La Cour des Comptes a réalisé un contrôle de la gestion de la commune de Sédhiou, de 2015 à 2018. Concernant la gestion foncière ou domaniale, les enquêteurs renseignent que la commune de Sédhiou, sous le magistère de Abdoulaye Diop dit Abou Diop, a effectué onze affectations de terres à des privés.
Conformément aux dispositions de l’article 49 de la loi organique n°2012-23 du 27 décembre 2012, abrogeant et remplaçant la loi organique n° 99-70 du 17 février 1999 sur la Cour des Comptes, ce rapport définitif de contrôle de la gestion de la commune de Sédhiou de 2015 à 2018 a été arrêté par la Chambre des Collectivités territoriales de la Cour des Comptes, en sa séance du 16 juin 2022, sur le contenu du projet établi par Monsieur Amadou Badji, conseiller, compte tenu des réponses aux observations du rapport provisoire des personnes interpellées, avec l’assistance de Maître Ndeye Ndella Sarr Diouf, greffière de la chambre.
Ce rapport contient des observations définitives et des recommandations de la Cour sur la régularité et la sincérité des comptes ainsi que la qualité de la gestion.
«Affectation irrégulière de terres du domaine national à des privés»
Au sujet du chapitre relatif à l’«affectation irrégulière ou imprécise de terres du domaine national à des privés», le rapport de la Cour des comptes a noté beaucoup d’irrégularités.

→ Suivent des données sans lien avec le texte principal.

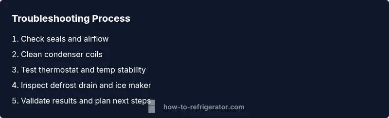 Typical signs include: (1) uneven cooling or warm shelves, (2) excessive frost buildup or frost on the evaporator, (3) buzzing or louder-than-normal operation, (4) water pooling inside the fridge or a dripping defrost pan, and (5) ice maker failures. Each symptom points to a likely source: airflow blockage, dirty coils, faulty thermostat, or a malfunctioning defrost heater. By recognizing these patterns, you can prioritize checks and avoid unnecessary replacements. Remember: some indicators may overlap, so approach with a systematic checklist rather than random tweaks. For the g e cafe refrigerator, flawless airflow and clean coils are the most common factors keeping temperatures stable and energy use efficient.

En effet, il est noté des «affectations» de terres «au profit des privés», notamment des «affectations de terrains pour des projets locaux privés».
À ce propos, le PV de la session ordinaire du conseil municipal du 14 septembre 2015 a mentionné l’«affectation d’un terrain à Monsieur MANSAL pour l’établissement d’hébergement touristique à Moricounda ; affectation d’un terrain de 4 hectares pour abriter le Daara moderne de Monsieur Cheikhouna Souané; affectation d’un terrain pour abriter le Complexe scolaire et sportif Keur MADIOR ; affectation d’un terrain pour abriter le Siège de l’Union régionale des anciens combattants».
Également, le PV du conseil municipal du 31 janvier 2017 parle «d’affectation d’un terrain d’une superficie de 2 hectares dans le quartier de Dembaya, route de Tambana, pour une ferme Natangué de Monsieur Seckou Ndiaye».
Un terrain d’un (01) hectare pour le projet d’hôtel de Madame Adama Coly
Aussi, dans le PV du conseil municipal du 6 mars 2017 concernant la «régularisation de la délibération du 5 mars 2006 portant sur 8 hectares affectés à la coopérative de l’UDEN pour une construction de 200 logements». Dans la foulée, le PV du conseil municipal du 19 avril 2017 évoque «l’affectation d’un 1 hectares pour la ferme Natangué de Pape Lamine Diaité».
En outre, le PV de la session du conseil municipal du 4 avril 2018 note «l’affectation d’un lot pour un centre de formation professionnelle au profit de l’Institut casamançais de Formation professionnelle (ICAFOP) ; affectation d’un terrain d’une superficie d’un (01) hectare pour abriter le projet d’hôtel de Madame Adama Coly».
Ce n’est pas fini ! Dans le PV de la session du conseil municipal du 27 décembre 2018, il est signalé «l’affectation de 20 lots de parcelles à la congrégation des filles de Saint Cœur de Marie pour la délocalisation de l’école préscolaire ; affectation d’un terrain de 300m² à usage de construction de poulailler au profit de Mme Ami Mané».
Tout cela, indique la Cour des comptes, «renseigne que la commune de Sédhiou a effectué onze affectations d’une partie du domaine national pour des projets privés agricoles, d’hôtellerie, de formation et de logement».
Leur étude a également révélé que les unes (affectations) ne sont pas conformes au cadre juridique relatif à l’affectation de terres à vocation agricole situées en zone urbaine et les autres souffrent d’une imprécision.